[Source records]
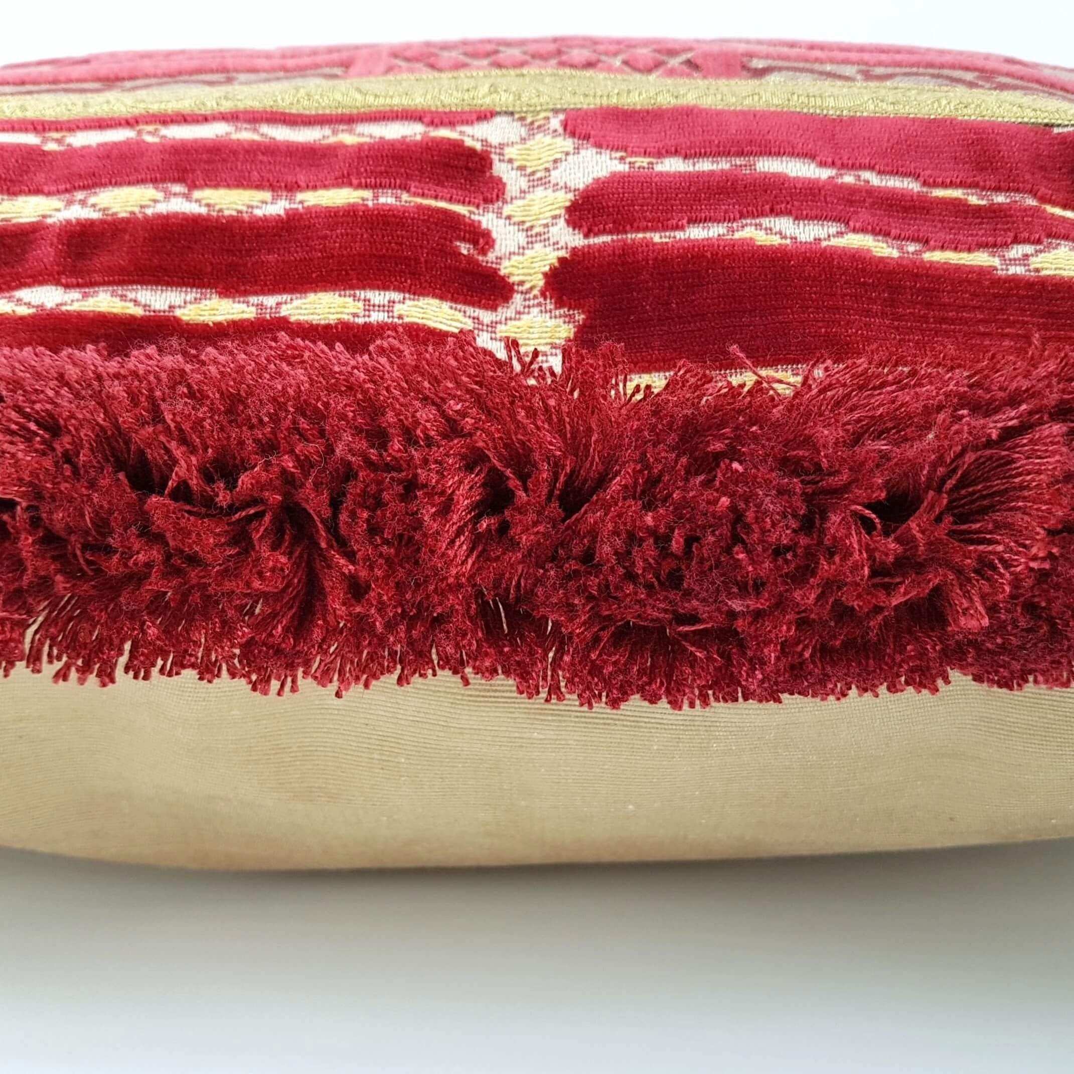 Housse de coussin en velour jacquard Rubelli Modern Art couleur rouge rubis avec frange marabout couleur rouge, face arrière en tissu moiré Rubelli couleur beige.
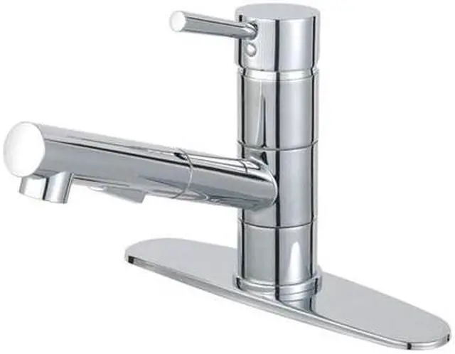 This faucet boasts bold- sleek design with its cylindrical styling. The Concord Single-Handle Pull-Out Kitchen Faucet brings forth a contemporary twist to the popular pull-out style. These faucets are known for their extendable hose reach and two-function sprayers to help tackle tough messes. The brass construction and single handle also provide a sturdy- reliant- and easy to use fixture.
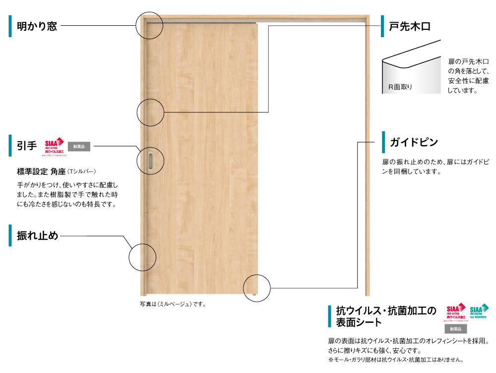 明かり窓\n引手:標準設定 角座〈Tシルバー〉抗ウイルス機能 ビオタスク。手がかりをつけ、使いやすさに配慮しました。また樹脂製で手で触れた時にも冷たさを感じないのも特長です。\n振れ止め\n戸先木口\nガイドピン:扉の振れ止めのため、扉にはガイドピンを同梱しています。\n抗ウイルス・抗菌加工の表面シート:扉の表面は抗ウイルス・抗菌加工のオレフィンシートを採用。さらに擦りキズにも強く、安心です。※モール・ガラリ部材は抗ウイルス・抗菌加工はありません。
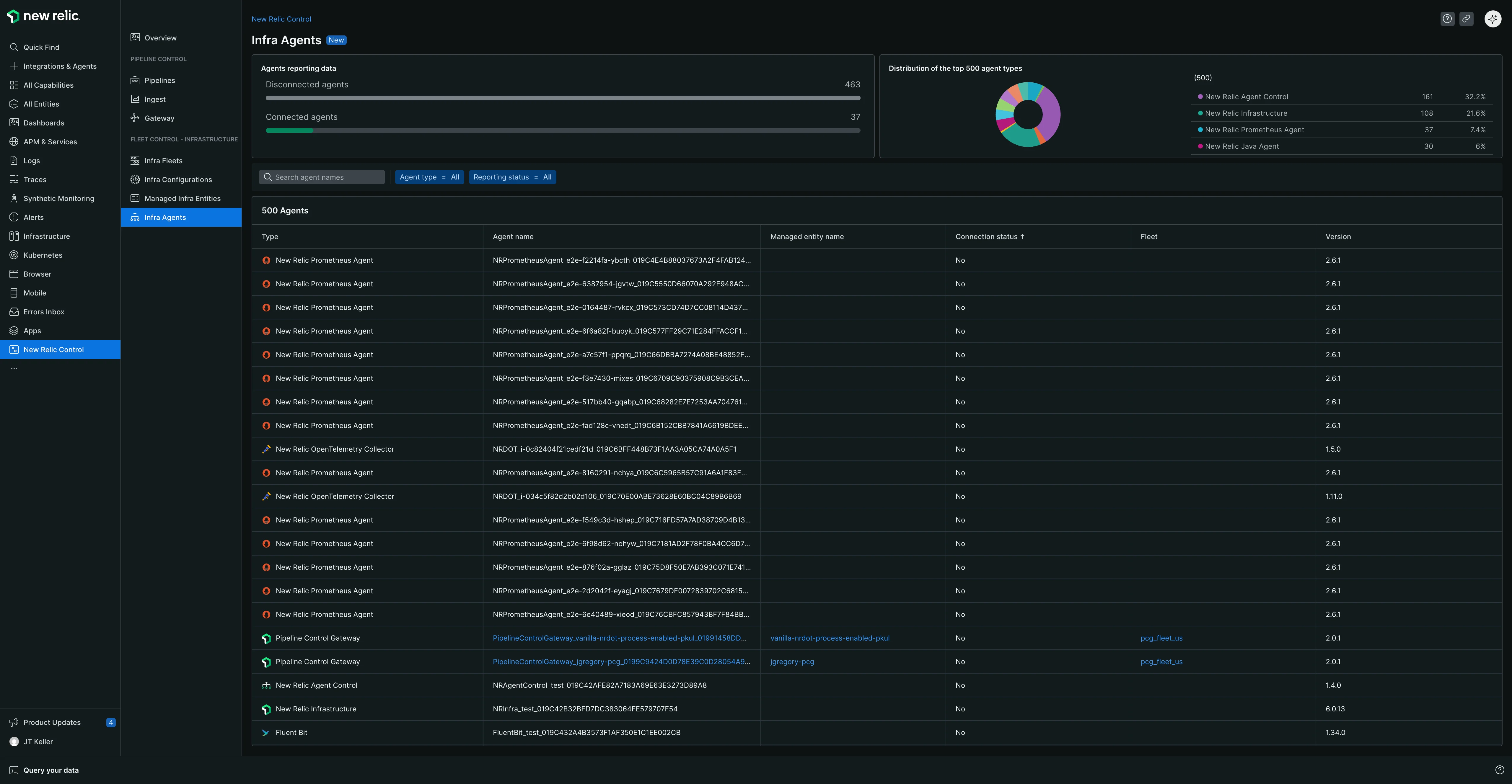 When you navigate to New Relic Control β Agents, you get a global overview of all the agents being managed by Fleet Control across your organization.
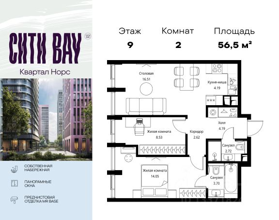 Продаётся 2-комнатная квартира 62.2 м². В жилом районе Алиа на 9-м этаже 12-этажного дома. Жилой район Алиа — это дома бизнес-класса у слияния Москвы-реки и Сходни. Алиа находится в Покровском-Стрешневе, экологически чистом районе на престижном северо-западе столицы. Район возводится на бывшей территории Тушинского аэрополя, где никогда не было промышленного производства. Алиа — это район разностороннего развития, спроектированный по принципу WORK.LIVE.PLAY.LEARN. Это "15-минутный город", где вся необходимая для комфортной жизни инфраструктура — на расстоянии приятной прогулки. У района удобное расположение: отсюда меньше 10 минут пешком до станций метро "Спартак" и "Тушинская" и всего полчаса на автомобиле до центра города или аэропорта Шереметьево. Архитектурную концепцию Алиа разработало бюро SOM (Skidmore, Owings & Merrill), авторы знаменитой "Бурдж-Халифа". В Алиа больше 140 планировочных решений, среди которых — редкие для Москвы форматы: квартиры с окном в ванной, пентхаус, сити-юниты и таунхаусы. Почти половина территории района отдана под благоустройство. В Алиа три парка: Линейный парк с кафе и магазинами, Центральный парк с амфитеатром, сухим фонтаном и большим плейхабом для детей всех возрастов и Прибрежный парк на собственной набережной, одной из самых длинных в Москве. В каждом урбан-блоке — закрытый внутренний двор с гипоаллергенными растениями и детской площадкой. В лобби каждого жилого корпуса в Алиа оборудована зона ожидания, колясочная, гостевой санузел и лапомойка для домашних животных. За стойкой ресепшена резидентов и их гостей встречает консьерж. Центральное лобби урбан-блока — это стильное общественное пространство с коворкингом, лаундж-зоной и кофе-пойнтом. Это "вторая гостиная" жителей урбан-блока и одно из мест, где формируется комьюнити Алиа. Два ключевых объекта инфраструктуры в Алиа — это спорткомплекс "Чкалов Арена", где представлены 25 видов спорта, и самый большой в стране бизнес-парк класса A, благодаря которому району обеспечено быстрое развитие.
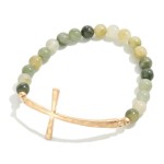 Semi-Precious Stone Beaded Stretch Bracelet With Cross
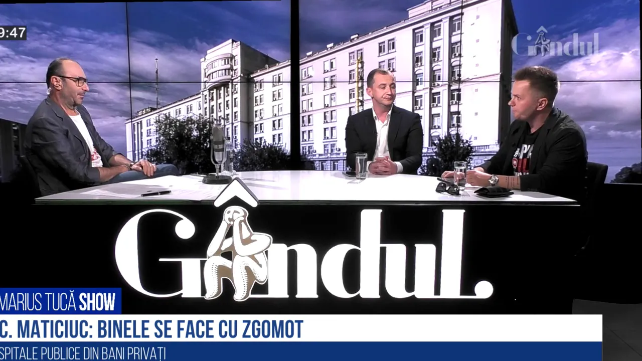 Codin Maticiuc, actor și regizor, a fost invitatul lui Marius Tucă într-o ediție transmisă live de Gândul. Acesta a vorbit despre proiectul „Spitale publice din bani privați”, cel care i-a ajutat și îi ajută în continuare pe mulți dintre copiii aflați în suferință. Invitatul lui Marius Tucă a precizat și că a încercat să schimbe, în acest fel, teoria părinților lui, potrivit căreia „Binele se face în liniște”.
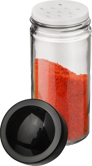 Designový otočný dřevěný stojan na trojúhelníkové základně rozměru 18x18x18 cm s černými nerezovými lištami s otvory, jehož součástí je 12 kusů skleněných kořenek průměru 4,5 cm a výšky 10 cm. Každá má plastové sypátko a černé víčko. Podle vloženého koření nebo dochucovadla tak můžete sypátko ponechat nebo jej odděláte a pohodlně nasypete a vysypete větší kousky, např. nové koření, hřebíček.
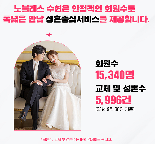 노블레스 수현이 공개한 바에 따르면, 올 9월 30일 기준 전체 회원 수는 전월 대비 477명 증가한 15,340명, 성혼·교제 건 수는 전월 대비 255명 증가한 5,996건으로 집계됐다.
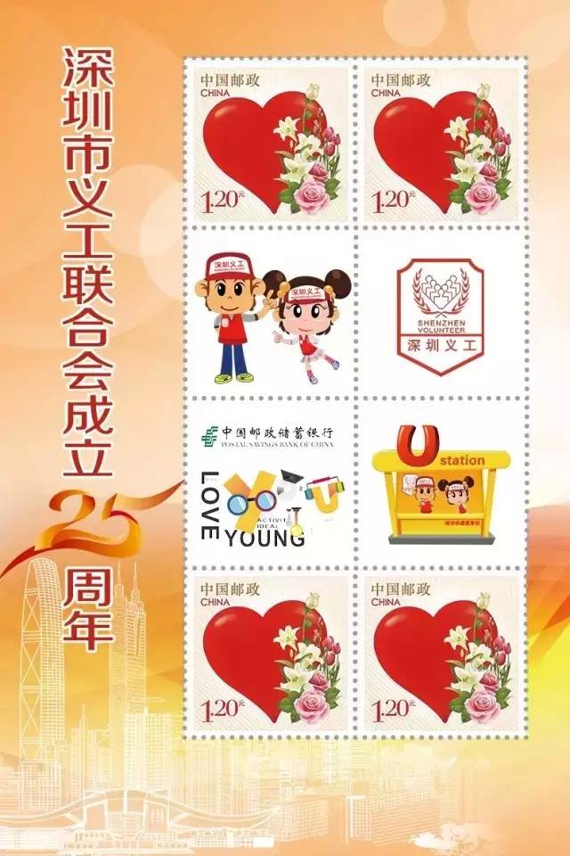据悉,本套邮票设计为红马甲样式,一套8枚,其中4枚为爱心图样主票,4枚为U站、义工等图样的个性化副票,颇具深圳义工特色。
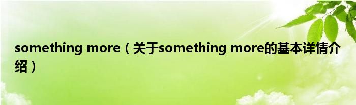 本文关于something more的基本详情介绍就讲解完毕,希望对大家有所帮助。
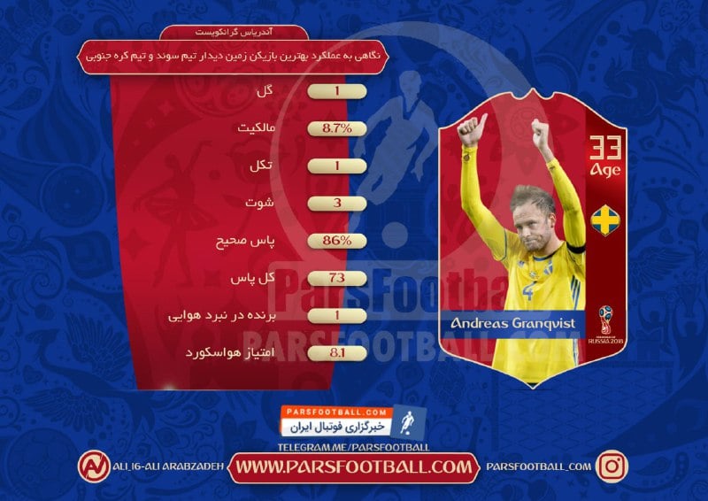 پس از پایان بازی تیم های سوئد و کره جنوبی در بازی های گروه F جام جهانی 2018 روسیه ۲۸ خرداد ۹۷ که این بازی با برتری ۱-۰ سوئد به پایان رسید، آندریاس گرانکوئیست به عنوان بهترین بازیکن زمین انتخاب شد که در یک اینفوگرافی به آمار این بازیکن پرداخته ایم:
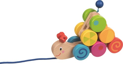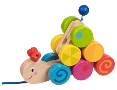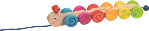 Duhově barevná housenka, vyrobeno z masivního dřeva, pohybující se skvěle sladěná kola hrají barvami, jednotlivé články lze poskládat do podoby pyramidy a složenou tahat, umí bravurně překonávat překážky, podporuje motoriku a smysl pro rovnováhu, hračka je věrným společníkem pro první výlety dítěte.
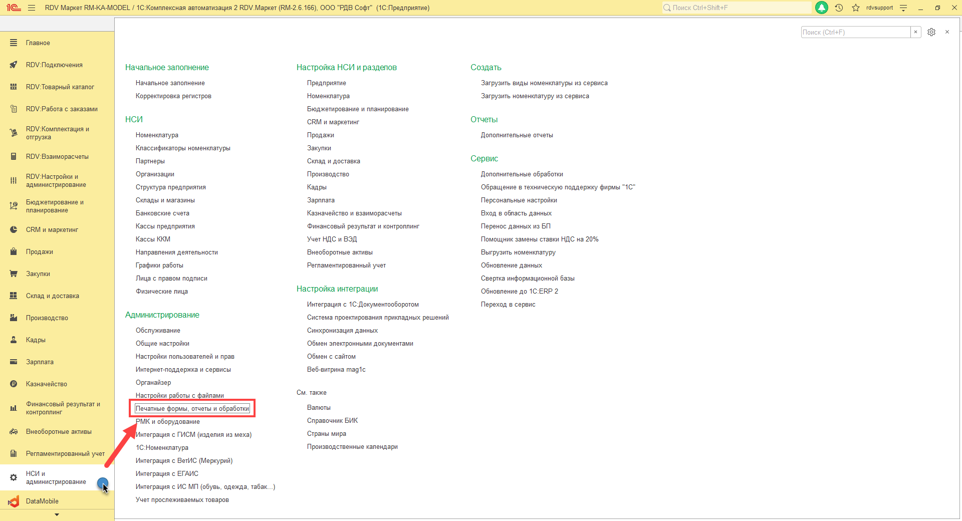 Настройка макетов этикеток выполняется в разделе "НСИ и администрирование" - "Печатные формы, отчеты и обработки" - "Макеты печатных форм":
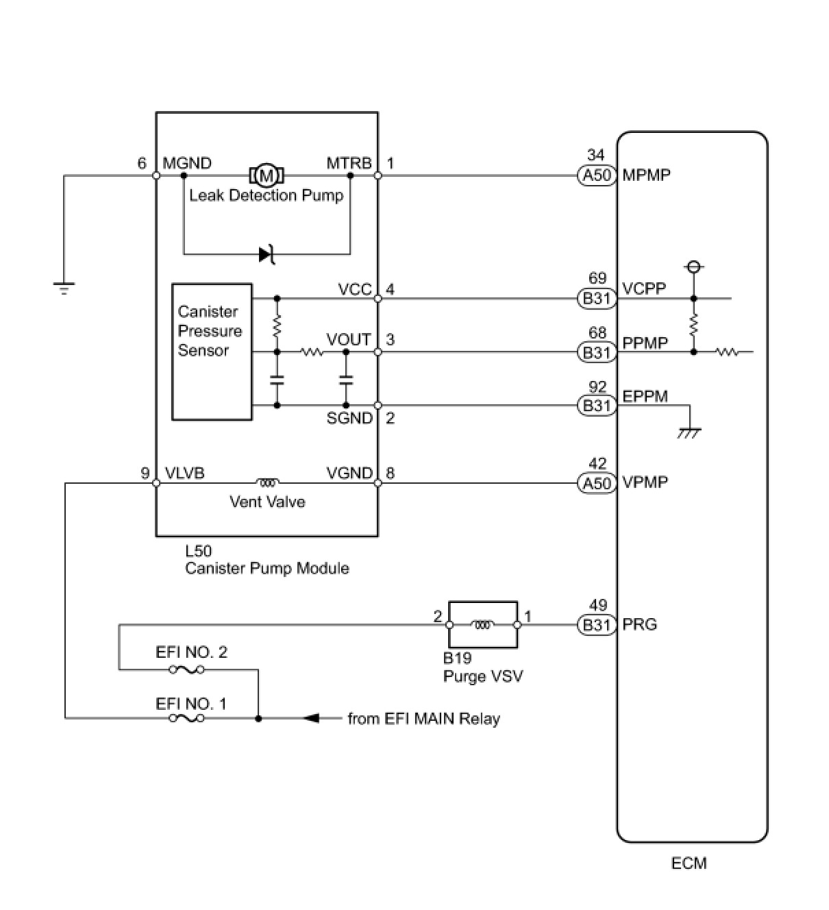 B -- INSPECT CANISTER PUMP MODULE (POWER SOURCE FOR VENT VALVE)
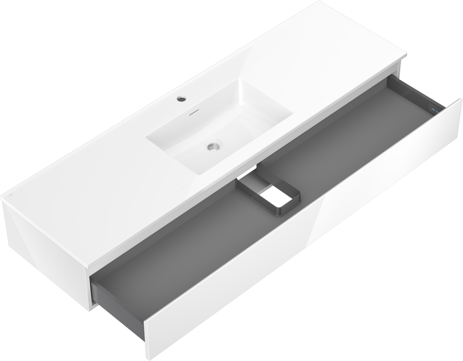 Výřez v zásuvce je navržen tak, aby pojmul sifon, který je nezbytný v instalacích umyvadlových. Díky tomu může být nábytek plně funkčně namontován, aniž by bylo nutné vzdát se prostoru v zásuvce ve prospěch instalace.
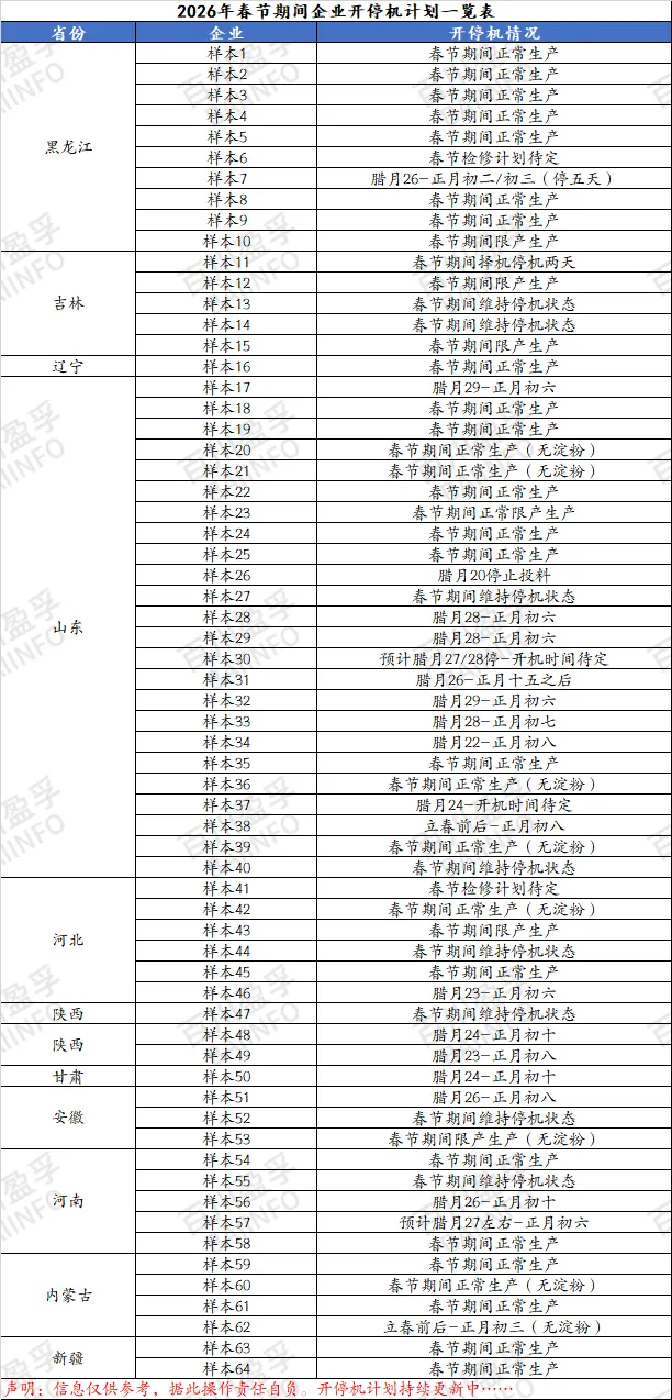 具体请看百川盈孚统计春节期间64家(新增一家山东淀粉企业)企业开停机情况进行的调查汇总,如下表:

▶ EXERCISE PROMPT
Excluding the pictures, retype the line containing "پس از پایان" and all lines after it down to the end of the data above.

▶ ANSWER SECTION
 پس از پایان بازی تیم های سوئد و کره جنوبی در بازی های گروه F جام جهانی 2018 روسیه ۲۸ خرداد ۹۷ که این بازی با برتری ۱-۰ سوئد به پایان رسید، آندریاس گرانکوئیست به عنوان بهترین بازیکن زمین انتخاب شد که در یک اینفوگرافی به آمار این بازیکن پرداخته ایم:
 Duhově barevná housenka, vyrobeno z masivního dřeva, pohybující se skvěle sladěná kola hrají barvami, jednotlivé články lze poskládat do podoby pyramidy a složenou tahat, umí bravurně překonávat překážky, podporuje motoriku a smysl pro rovnováhu, hračka je věrným společníkem pro první výlety dítěte.
 Настройка макетов этикеток выполняется в разделе "НСИ и администрирование" - "Печатные формы, отчеты и обработки" - "Макеты печатных форм":
 B -- INSPECT CANISTER PUMP MODULE (POWER SOURCE FOR VENT VALVE)
 Výřez v zásuvce je navržen tak, aby pojmul sifon, který je nezbytný v instalacích umyvadlových. Díky tomu může být nábytek plně funkčně namontován, aniž by bylo nutné vzdát se prostoru v zásuvce ve prospěch instalace.
 具体请看百川盈孚统计春节期间64家(新增一家山东淀粉企业)企业开停机情况进行的调查汇总,如下表:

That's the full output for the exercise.